We were very fortunate with the UI design adopted by Joel Holdsworth. The archetecture decided upon by him placed us in a very good position to confront the future. His reliance on vector graphics (lib Cairo) for the UI drawing routines has much to be recommended. He did this in anticipation of the future direction of GTK from which we were able to reap the rich rewards of a, more-or-less, painless upgrade. Unfortunately, this did have one negative effect: our custom-made timeline widget became inoperable — the protocol and interaction between widgets and the GTK framework had been changed by the GTK developers for version 3. This observation spurred Ichthyo to leave half-finished work at the player-to-engine connection for the time being, and to focus attention on the UI. Obviously, being no expert, yet familiar with UI programming in similar frameworks, such an endeavour would require some study and investigation, in order to be able to grasp how a client should use and extend the GTK framework.

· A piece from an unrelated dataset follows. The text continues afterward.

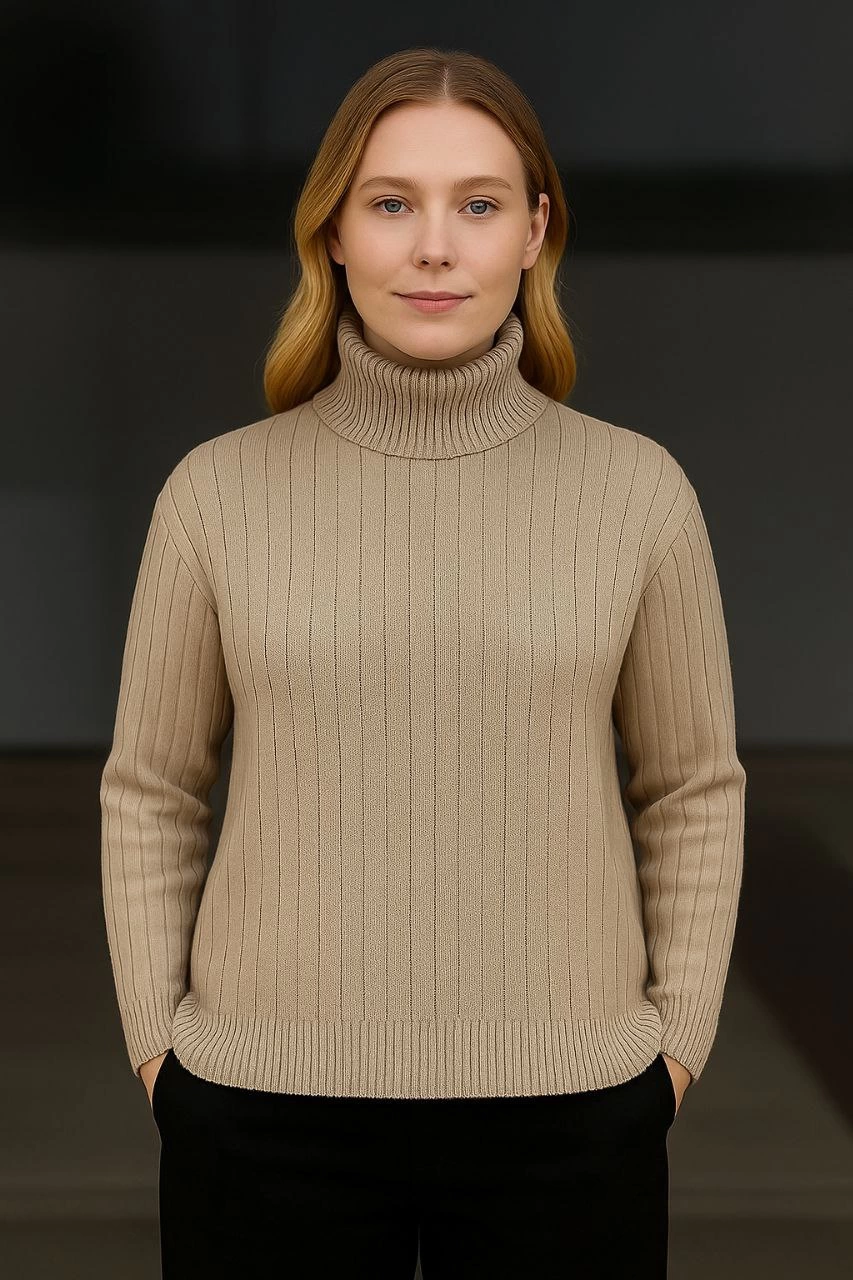 Velmora Balıkcı Yaka Bağazlı Triko Kazak Pamuklu Kalın Fitilli Dokuma - Bej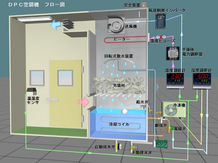 DPC方式は、夏季は、空気中の水分を精密に除湿するだけで、高い精度の湿度を得ています。

It was no small feat to build the UI-Bus in our efforts towards building the UI connection, which is a message-based backbone to channel commands and data between the core and the GUI. However, this did introduce a distinction between local UI mechanics, to be implemented in the conventional manner via widgets, controllers and “signal” connections, and core editing concerns, which now involve sending command messages towards the core, which later responds asynchronously by deploying structure update messages. This required the formulation and definition of a generic UI element and its communication protocol, a means of forming, building and, finally, issuing commands, and a way to express, capture and later replay interface state changes. The heart of this was accomplished by adopting a generic means to express structural data and changes.

After indulging in fundamental work on the “Timeline Display”, it recently became apparent that it was time to address the actual structure of a reshaped timeline display widget. This relies on the new canvas control which has been available since GTK-3 (Gtk::Layout), which allows us to combine custom drawing with embedded widgets placed on top of a scrollable “timeline canvas”. The new structure is now in the works. This will be entirely recursive, no longer relying on a “shadow model”, rather on a connection to the UI-Bus.